_WHAT THE EXERCISE ASKS_
Only the lines from the one containing "The boot features" through the last line of the material should be copied, exactly as written and without pictures.

_DATA BELOW_
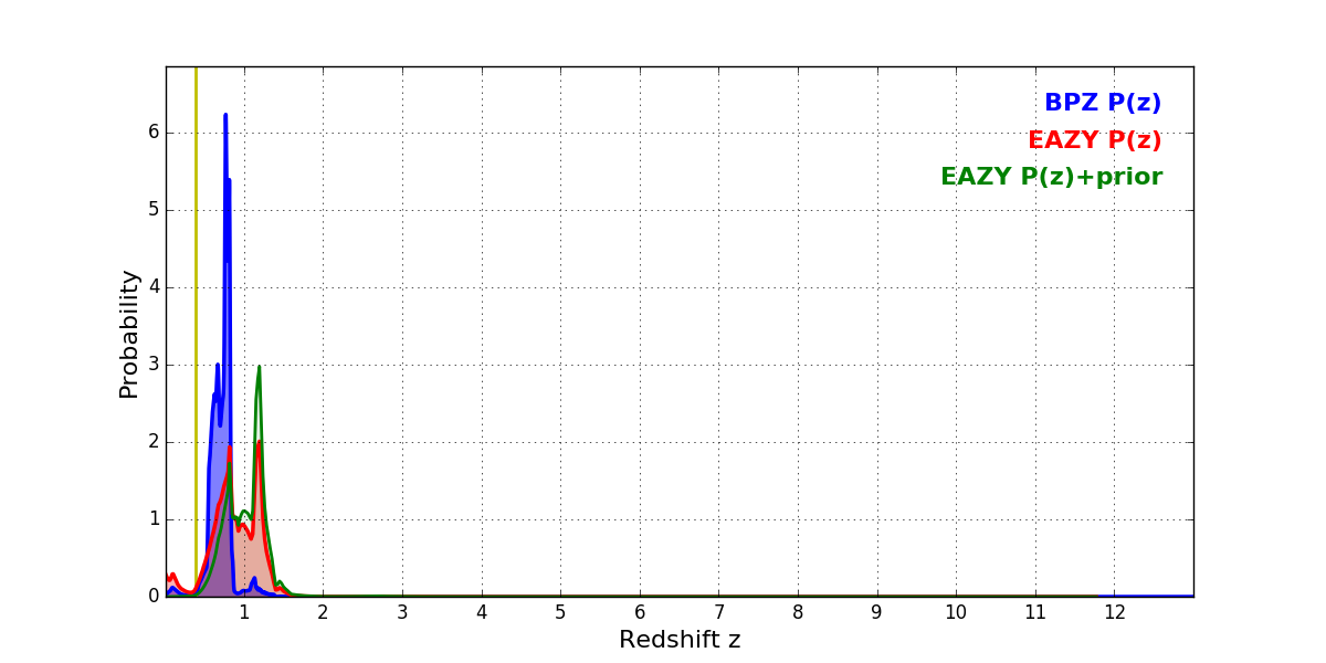 In P(z) plots: Yellow lines mark the cluster redshift z = 0.383,
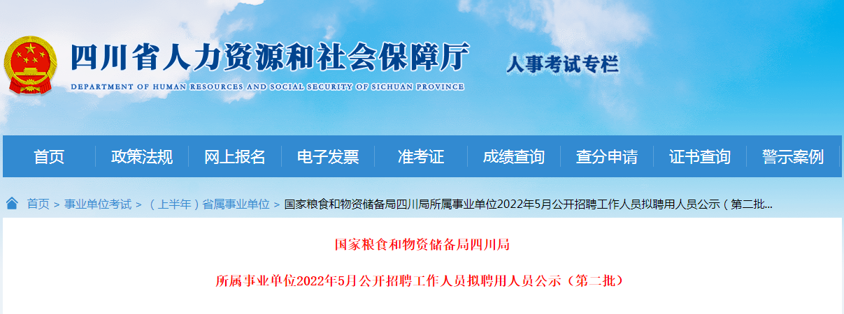 原文标题:国家粮食和物资储备局四川局所属事业单位2022年5月公开招聘工作人员拟聘用人员公示(第二批)
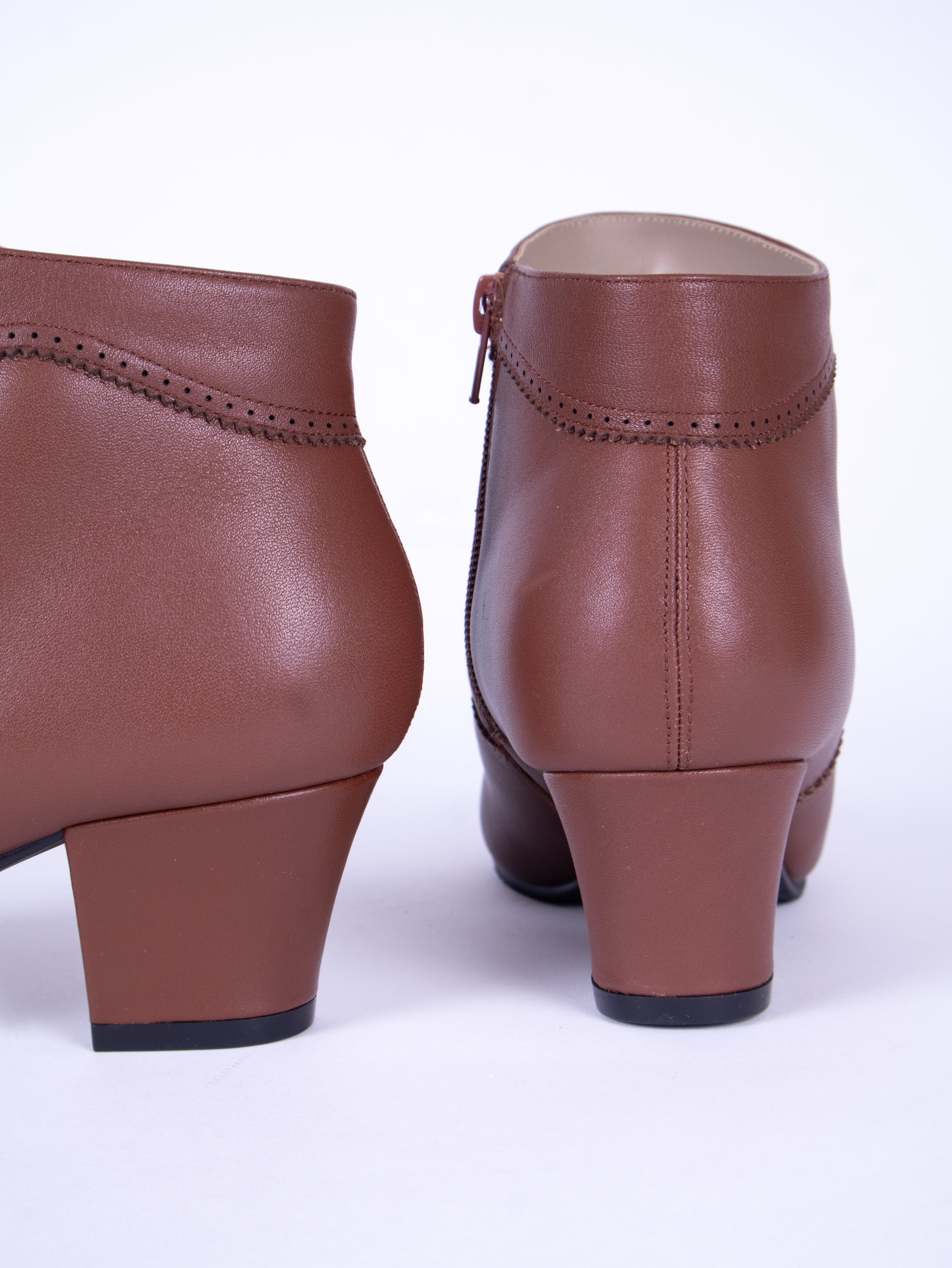 The boot features a rounded, spacious toe cap, decorative brogue detailing, and a slim-fitting short boot shaft. For easy fastening, the boot has a metal zipper on the inner side. The sturdy, slightly curved, medium-high heel and the short, close-fitting shaft give the boots an elegant, sophisticated look.
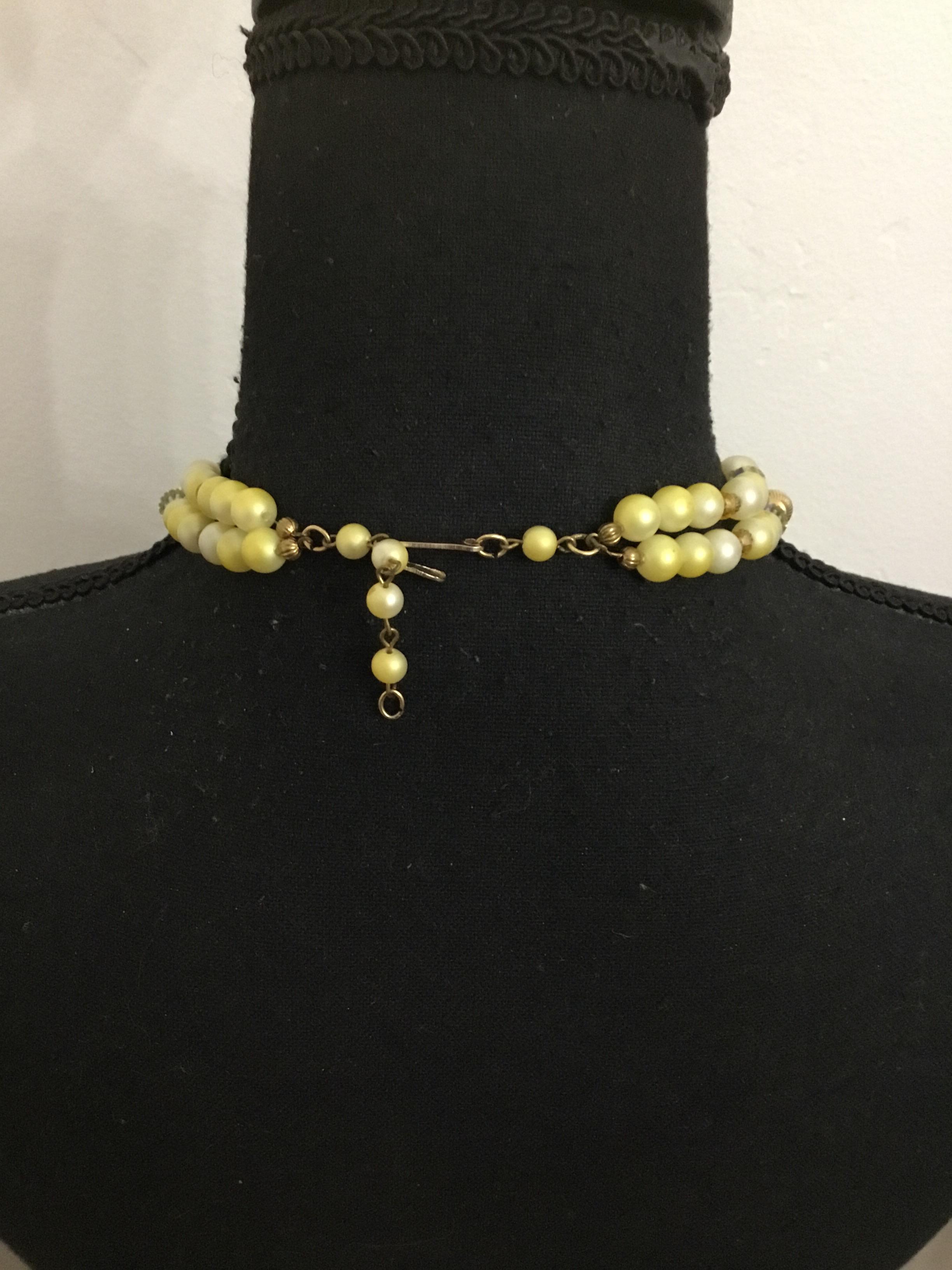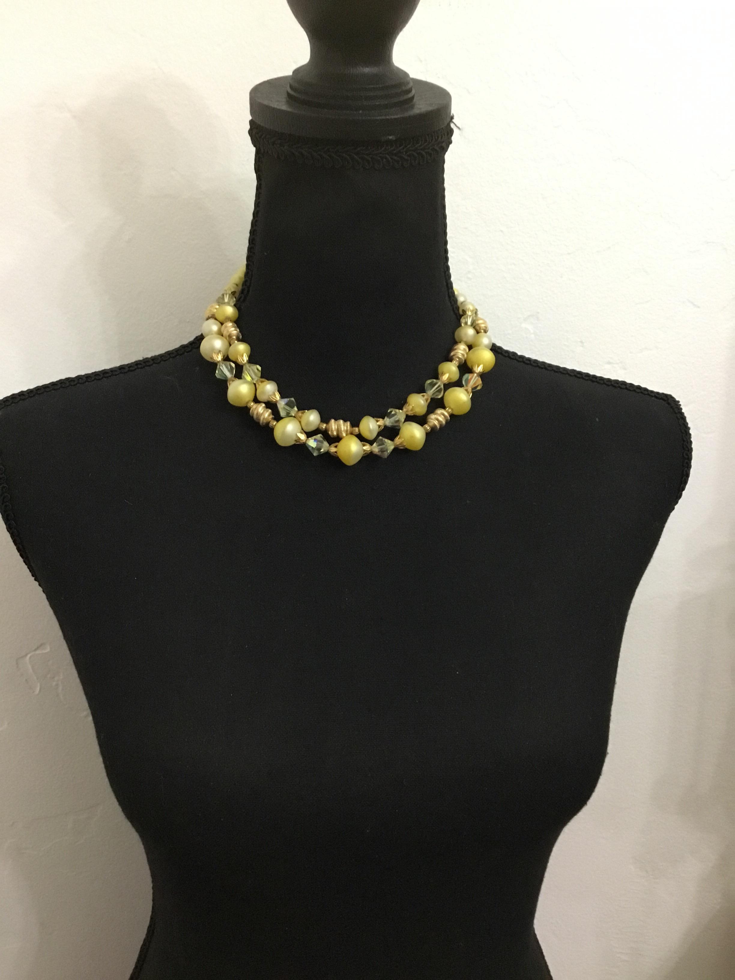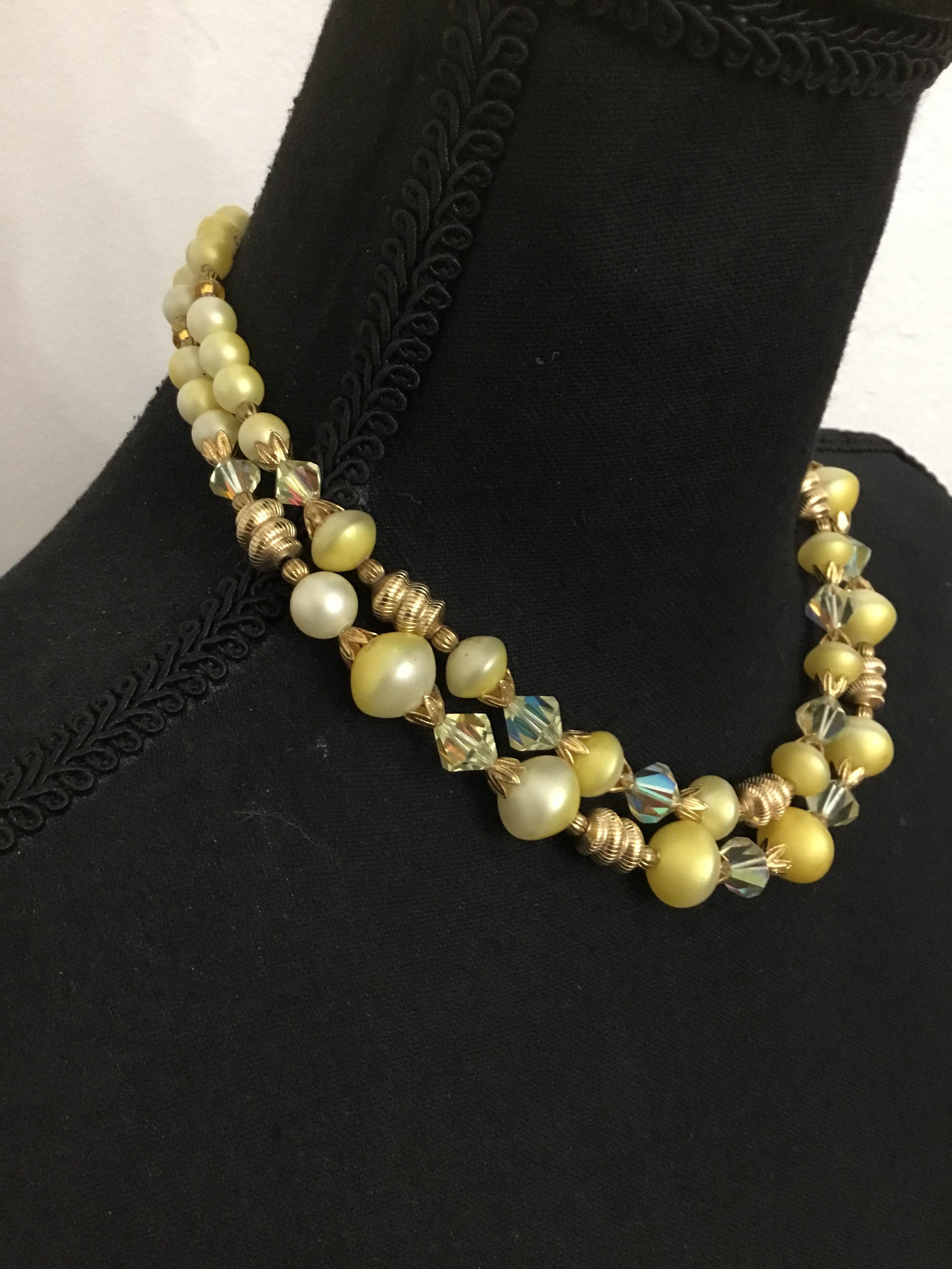 Vintage sunshine, yellow, gold, toned, crystal bead, double strand necklace

_EXERCISE SOLUTION_
 The boot features a rounded, spacious toe cap, decorative brogue detailing, and a slim-fitting short boot shaft. For easy fastening, the boot has a metal zipper on the inner side. The sturdy, slightly curved, medium-high heel and the short, close-fitting shaft give the boots an elegant, sophisticated look.
 Vintage sunshine, yellow, gold, toned, crystal bead, double strand necklace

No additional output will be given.